Exercise description:
Skip every picture, and copy exactly the lines from the one containing "Джинсы багги с" to the end of the data.

Data provided:
»»

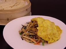 北京料理では定番のアイテムで、種々の野菜と豚肉を細く切って炒めま す。野菜炒めの上に 玉子焼きを載せるので「載帽(帽子を被る)」という名がつきます。薄餅 に包んで食べるのが華北風味の醍醐味です。
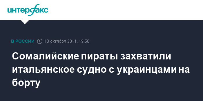 Рим. 10 октября. INTERFAX.RU - Группа пиратов захватила итальянское судно Montecristo в нескольких сотнях километров от берегов Сомали, информируют в понедельник римские СМИ.
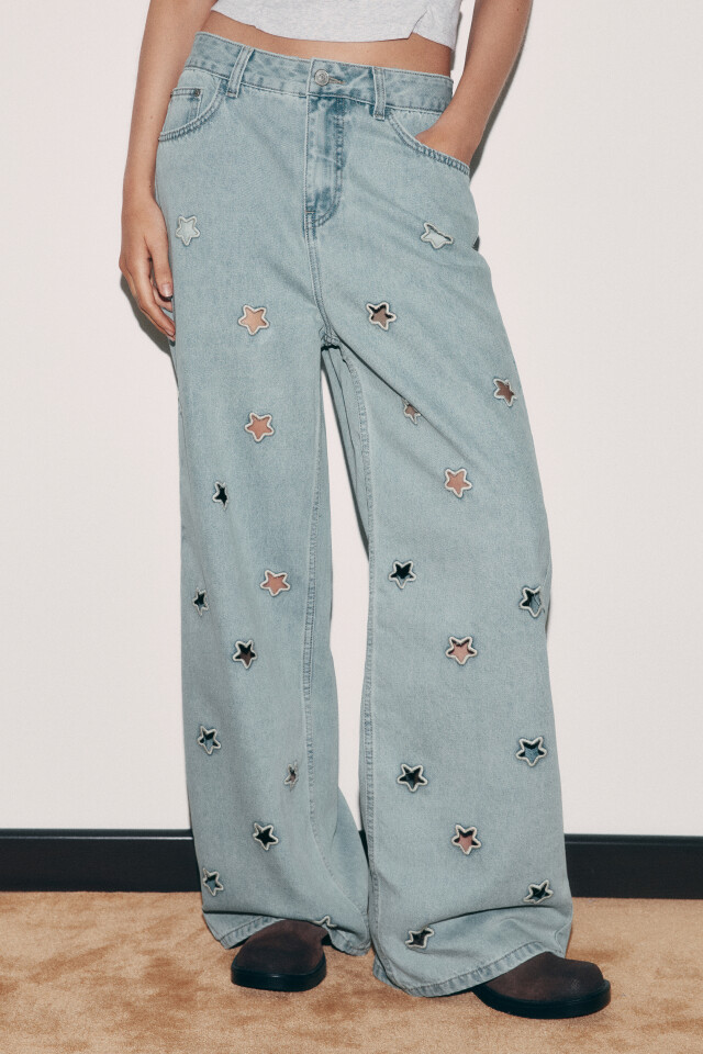 Джинсы багги с низкой посадкой и вырезанными звездами
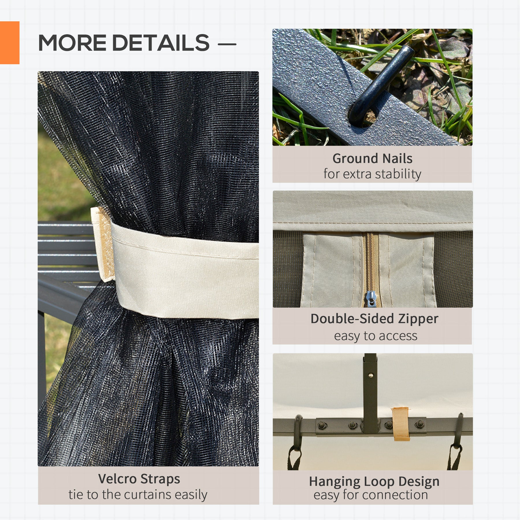 - • Aluminum drainage holes on the gazebo canopy to prevent water accumulation

««

Exercise result:
 Джинсы багги с низкой посадкой и вырезанными звездами
 - • Aluminum drainage holes on the gazebo canopy to prevent water accumulation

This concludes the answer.